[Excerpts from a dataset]
+++
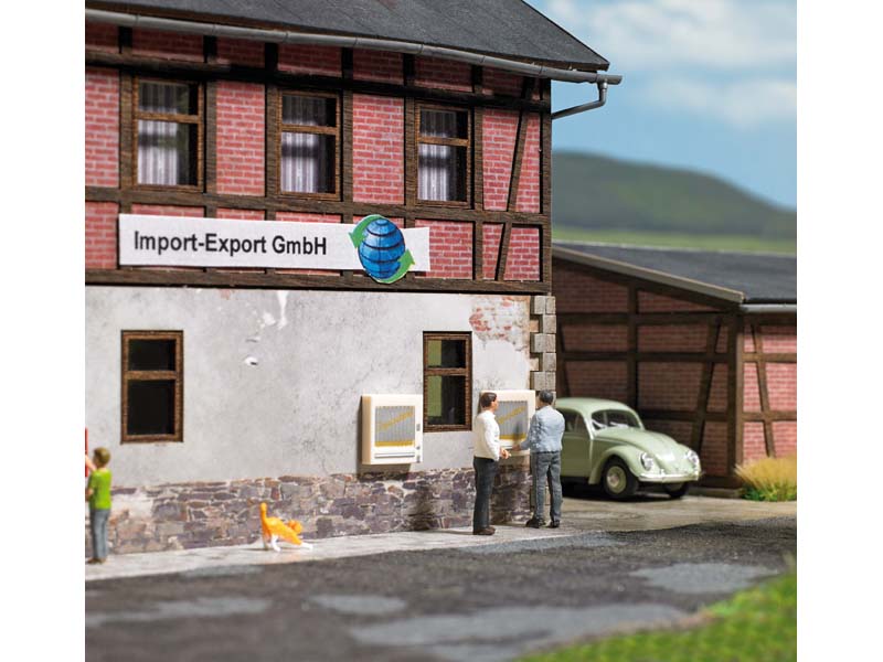 Pro realistickou animaci vašeho modelového světa. S tematickými doplňky a alespoň jednou figurkou ve vhodné poloze. 2 automaty na cigarety v originálním designu a 2 kuřáci. S kamennou stěnou, délka 240 mm.
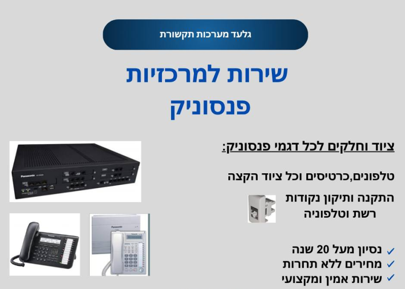 מתמחים במרכזיות פנסוניק מכל הסוגים,נסיון של מעל 20 שנה, ליווי עסקים בתחום התקשורת,שרות אמין ואחריות
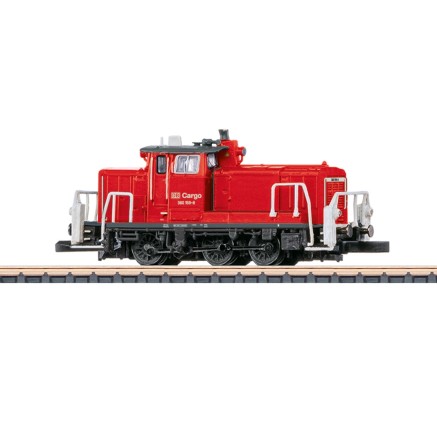 Die kleine Rangierlok der Baureihe 360 erscheint in verkehrsrot mit DB Cargo Logo im Zustand der späten 1990er Jahre.
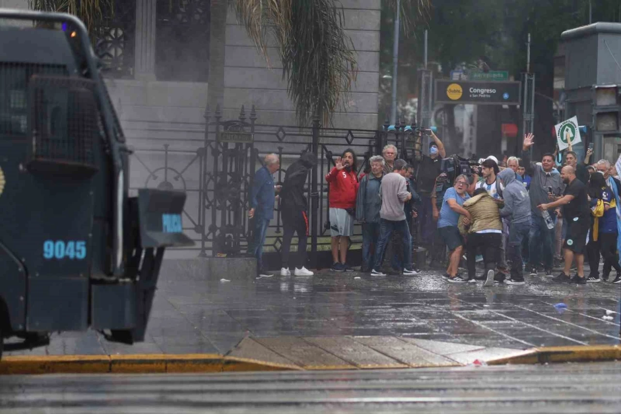 Polis, ellerinde bayraklarla, emeklileri destekleyen tezahüratlar yaparak Kongre binasına doğru ilerleyen kalabalık Boca Juniors taraftarını engellemek için kordon oluşturdu.
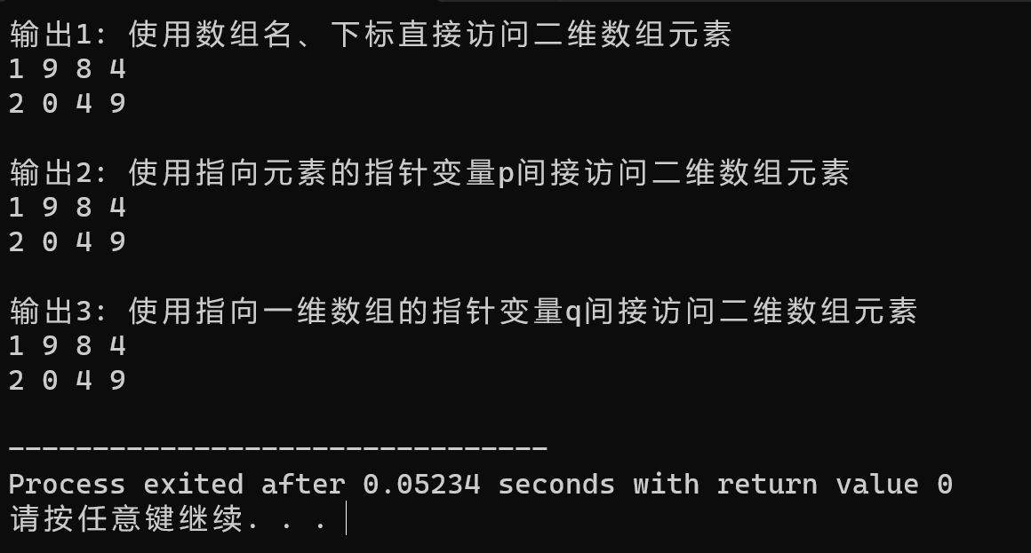 1 #include <stdio.h> 2 3 int main() { 4 int x[2][4] = {{1, 9, 8, 4}, {2, 0, 4, 9}}; 5 int i, j; 6 int *ptr1; 7 int(*ptr2)[4]; 8 9 printf("输出1: 使用数组名、下标直接访问二维数组元素\n"); 10 for (i = 0; i < 2; ++i) { 11 for (j = 0; j < 4; ++j) 12 printf("%d ", x[i][j]); 13 printf("\n"); 14 } 15 16 printf("\n输出2: 使用指向元素的指针变量p间接访问二维数组元素\n"); 17 for (ptr1 = &x[0][0], i = 0; ptr1 < &x[0][0] + 8; ++ptr1, ++i) { 18 printf("%d ", *ptr1); 19 20 if ((i + 1) % 4 == 0) 21 printf("\n"); 22 } 23 24 printf("\n输出3: 使用指向一维数组的指针变量q间接访问二维数组元素\n"); 25 for (ptr2 = x; ptr2 < x + 2; ++ptr2) { 26 for (j = 0; j < 4; ++j) 27 printf("%d ", *(*ptr2 + j)); 28 printf("\n"); 29 } 30 31 return 0; 32 }
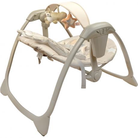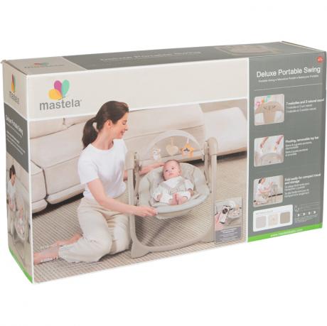 Дитячий заколисуючий центр Mastela 6512 призначений для дітей вагою 3–11 кг та використовується для комфортного відпочинку і м’якого заколисування малюка вдома. Розмір гойдалки — 74×56×56 см, розмір гамака — 73×49 см, що забезпечує зручне розміщення дитини. Модель оснащена 5 швидкостями гойдання, 3 режимами таймера та 7 мелодіями, двопозиційним нахилом гамака і ременями безпеки з плечовим фіксатором. У комплект входять знімна дуга з трьома іграшками та знімний підголівник. Центр легко складається для зберігання та транспортування. Працює від 4 батарейок типу C/LR14 (не входять до комплекту) або від USB-кабелю (в комплекті), додається інструкція англійською мовою. Розмір коробки — 61×37×18 см. Товар вигідний для оптових магазинів і підходить для роздрібного продажу.
+++
Task:
Would you copy out all the data exactly, without the images?

Result of the task:
 Pro realistickou animaci vašeho modelového světa. S tematickými doplňky a alespoň jednou figurkou ve vhodné poloze. 2 automaty na cigarety v originálním designu a 2 kuřáci. S kamennou stěnou, délka 240 mm.
 מתמחים במרכזיות פנסוניק מכל הסוגים,נסיון של מעל 20 שנה, ליווי עסקים בתחום התקשורת,שרות אמין ואחריות
 Die kleine Rangierlok der Baureihe 360 erscheint in verkehrsrot mit DB Cargo Logo im Zustand der späten 1990er Jahre.
 Polis, ellerinde bayraklarla, emeklileri destekleyen tezahüratlar yaparak Kongre binasına doğru ilerleyen kalabalık Boca Juniors taraftarını engellemek için kordon oluşturdu.
 1 #include <stdio.h> 2 3 int main() { 4 int x[2][4] = {{1, 9, 8, 4}, {2, 0, 4, 9}}; 5 int i, j; 6 int *ptr1; 7 int(*ptr2)[4]; 8 9 printf("输出1: 使用数组名、下标直接访问二维数组元素\n"); 10 for (i = 0; i < 2; ++i) { 11 for (j = 0; j < 4; ++j) 12 printf("%d ", x[i][j]); 13 printf("\n"); 14 } 15 16 printf("\n输出2: 使用指向元素的指针变量p间接访问二维数组元素\n"); 17 for (ptr1 = &x[0][0], i = 0; ptr1 < &x[0][0] + 8; ++ptr1, ++i) { 18 printf("%d ", *ptr1); 19 20 if ((i + 1) % 4 == 0) 21 printf("\n"); 22 } 23 24 printf("\n输出3: 使用指向一维数组的指针变量q间接访问二维数组元素\n"); 25 for (ptr2 = x; ptr2 < x + 2; ++ptr2) { 26 for (j = 0; j < 4; ++j) 27 printf("%d ", *(*ptr2 + j)); 28 printf("\n"); 29 } 30 31 return 0; 32 }
 Дитячий заколисуючий центр Mastela 6512 призначений для дітей вагою 3–11 кг та використовується для комфортного відпочинку і м’якого заколисування малюка вдома. Розмір гойдалки — 74×56×56 см, розмір гамака — 73×49 см, що забезпечує зручне розміщення дитини. Модель оснащена 5 швидкостями гойдання, 3 режимами таймера та 7 мелодіями, двопозиційним нахилом гамака і ременями безпеки з плечовим фіксатором. У комплект входять знімна дуга з трьома іграшками та знімний підголівник. Центр легко складається для зберігання та транспортування. Працює від 4 батарейок типу C/LR14 (не входять до комплекту) або від USB-кабелю (в комплекті), додається інструкція англійською мовою. Розмір коробки — 61×37×18 см. Товар вигідний для оптових магазинів і підходить для роздрібного продажу.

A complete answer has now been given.